In a lavish production directed by Jo Davies, featuring a chorus of 30 singers and 14 dancers, the Leeds-based company Opera North will attempt to create a fresh vision of the Broadway show, with contemporary ballet dancers and a meld of operatic and musical theatre voices.
The American classic musical, based on a 1909 play by the Hungarian Ferenc Molnár, was voted by Time magazine as the greatest of the twentieth century, and includes some of the prolific composing duo’s best loved works, such as ‘You’ll Never Walk Alone’ and ‘If I loved You.’
Set in a New England seaside community, Carousel is a poignant story of true love and the tragedy of feelings left unspoken. Julie Jordan is a mill worker who falls in love with Billy Bigelow, a troubled fairground operator. To improve their fortunes Billy commits a desperate act that ends in disaster, but is then granted one last chance to make things right.
Sarah Tynan, a Walthamstow-based soprano and seasoned performer with the English National Opera, has joined the cast for the five week run in London. Playing the comic character Carrie Pipperidge is no ordinary gig for the singer, who is more used to roles like Tatania in A Midsummer Night’s Dream or Papagena in The Magic Flute.
“There’s a lot more dialogue than what I’m used to,” she says. “And there’s also the comedy you get in musical theatre. I’ve always relished doing a bit of everything, though. The last operatic role I sang was Cleopatra in Julius Caesar, so to go from singing straight opera and a historical tragic figure, to a comic musical part is really stimulating and great fun.”
Compared with singing opera, it’s tempting to think that musical numbers must be comparatively easy to sing, but, according to Sarah, musical theatre presents a different kind of challenge.
“Most opera stuff is a lot higher,” she informs me. “And also for me the speaking, because when you’re speaking it’s a lot lower. So for me the technical challenge is working in a different part of my range as well as keeping the voice supported when you’re speaking and going between speaking and singing.”
In the battle of the musicals, Carousel is certainly among the cream, and with the Opera North production already putting some critics in a spin, this could be as good an opportunity as any to hear ‘You’ll Never Walk Alone” sung outside a football stadium.

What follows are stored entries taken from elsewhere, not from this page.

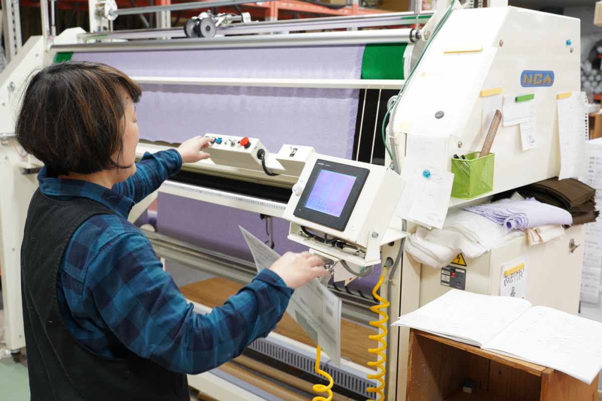 「ユルックス」専用に入荷されたロール状の生地は、機械を使って裁断します。
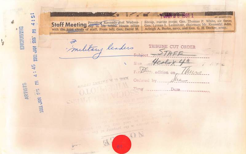 President John F Kennedy JFK Joint Chiefs Meeting Vintage Political Press Photo 1961
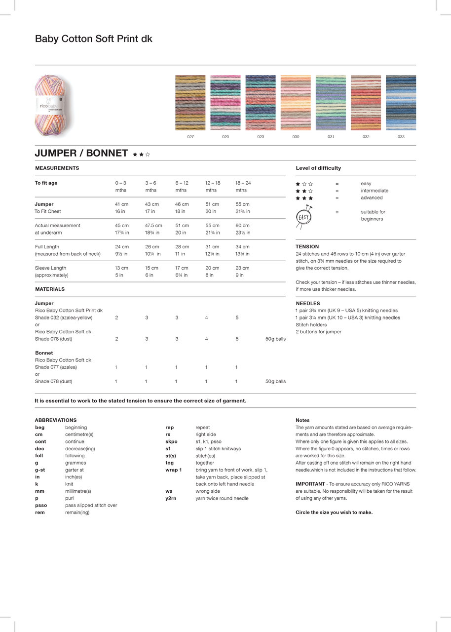 Jumper & Bonnet in Rico Baby Cotton Soft Print DK (1161) - PDF

The singer adds: “There’s such a huge body of work in opera, so that those that are still done today have been proven over time. I think this piece has stood the test of time in a similar sort of way.

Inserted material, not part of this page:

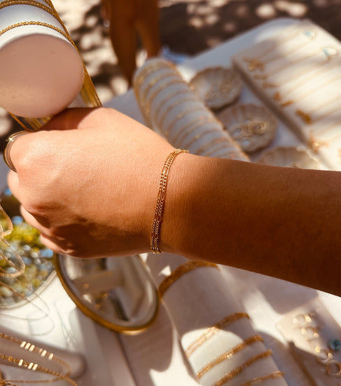 A beautiful golden 14k gold filled double chain bracelet in our classic filigree chain, just like the Ada Chain Necklace . A rich and hardy chain bracelet that goes with anything. We particularly love the chain for it's texture and true golden color. The Pasadena is named after a lovely town in California where Ali, the owner & maker of Desert Moon was once left homeless & lost in her early twenties along side her mother. They together persevered through it to new beginnings. Every time Ali wears her Pasadena Bracelet she's reminded how far she's come, & we hope as you wear yours, you feel inspiration & strengthened like she was.
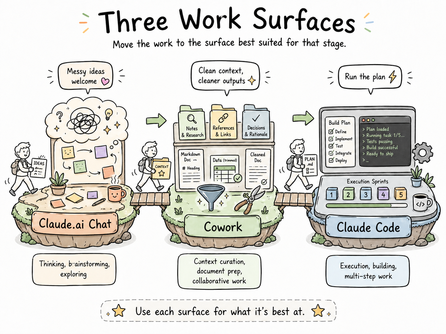 | Claude.ai (web chat) | Thinking, brainstorming, exploring | Low-stakes, conversational, fast to iterate |

“It’s got a fantastic script, the music’s stunning and there’s just the right amount of comedy and tragedy so that you won’t come out feeling you’ve been thwacked around the head or with your sides hurting from laughing. Rodgers and Hammerstein pitched perfectly which is why I think it’s always been such a hit with audiences.”
Carousel will be at the Barbican from 15 August – 15 September 2012.